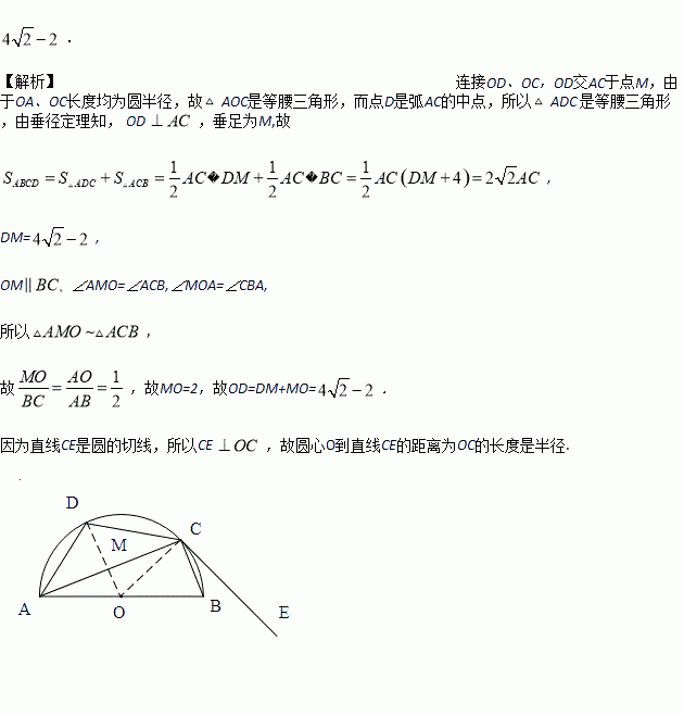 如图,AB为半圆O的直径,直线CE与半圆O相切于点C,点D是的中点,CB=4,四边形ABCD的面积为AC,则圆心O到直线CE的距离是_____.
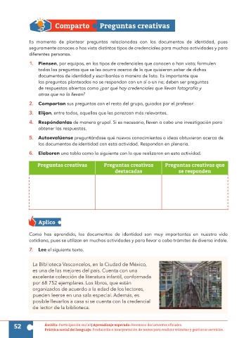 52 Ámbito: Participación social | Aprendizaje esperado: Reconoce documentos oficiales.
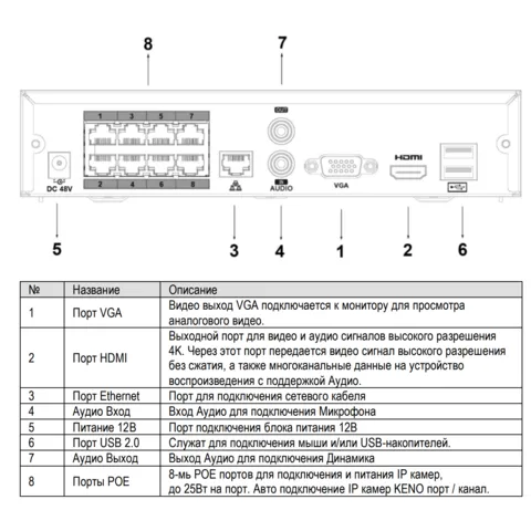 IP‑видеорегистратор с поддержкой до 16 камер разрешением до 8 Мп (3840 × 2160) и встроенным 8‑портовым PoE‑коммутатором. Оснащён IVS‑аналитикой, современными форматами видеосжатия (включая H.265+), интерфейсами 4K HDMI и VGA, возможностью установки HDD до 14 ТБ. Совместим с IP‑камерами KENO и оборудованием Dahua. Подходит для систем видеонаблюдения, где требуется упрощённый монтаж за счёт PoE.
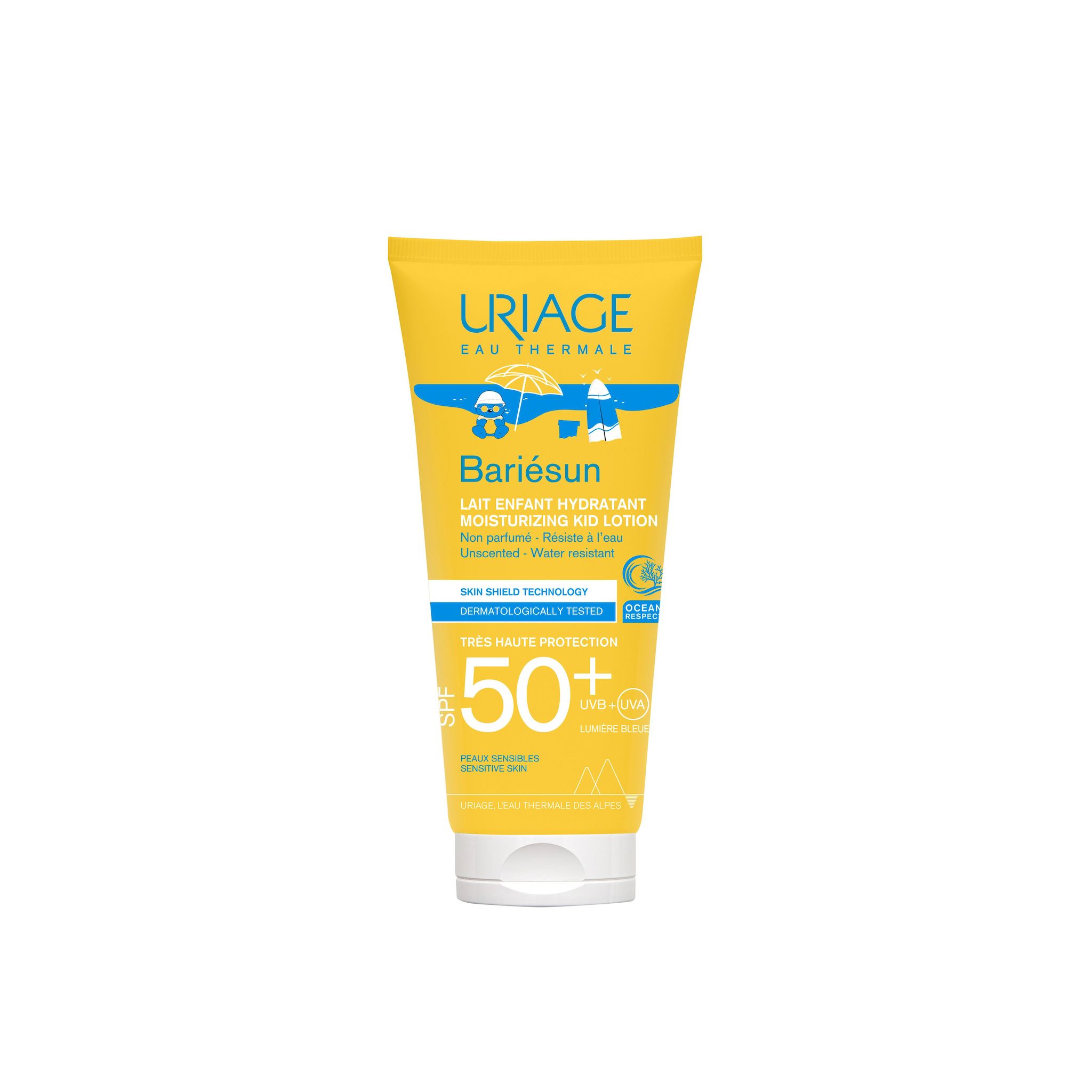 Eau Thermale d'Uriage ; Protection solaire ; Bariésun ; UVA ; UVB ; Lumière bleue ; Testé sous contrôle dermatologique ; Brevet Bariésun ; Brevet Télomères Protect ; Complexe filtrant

● **Task requirements**:
Return, unchanged, the lines from the first line of the material through the line that holds "52 Ámbito: Participación", inclusive, omitting pictures.

● **Answer**:
 如图,AB为半圆O的直径,直线CE与半圆O相切于点C,点D是的中点,CB=4,四边形ABCD的面积为AC,则圆心O到直线CE的距离是_____.
 52 Ámbito: Participación social | Aprendizaje esperado: Reconoce documentos oficiales.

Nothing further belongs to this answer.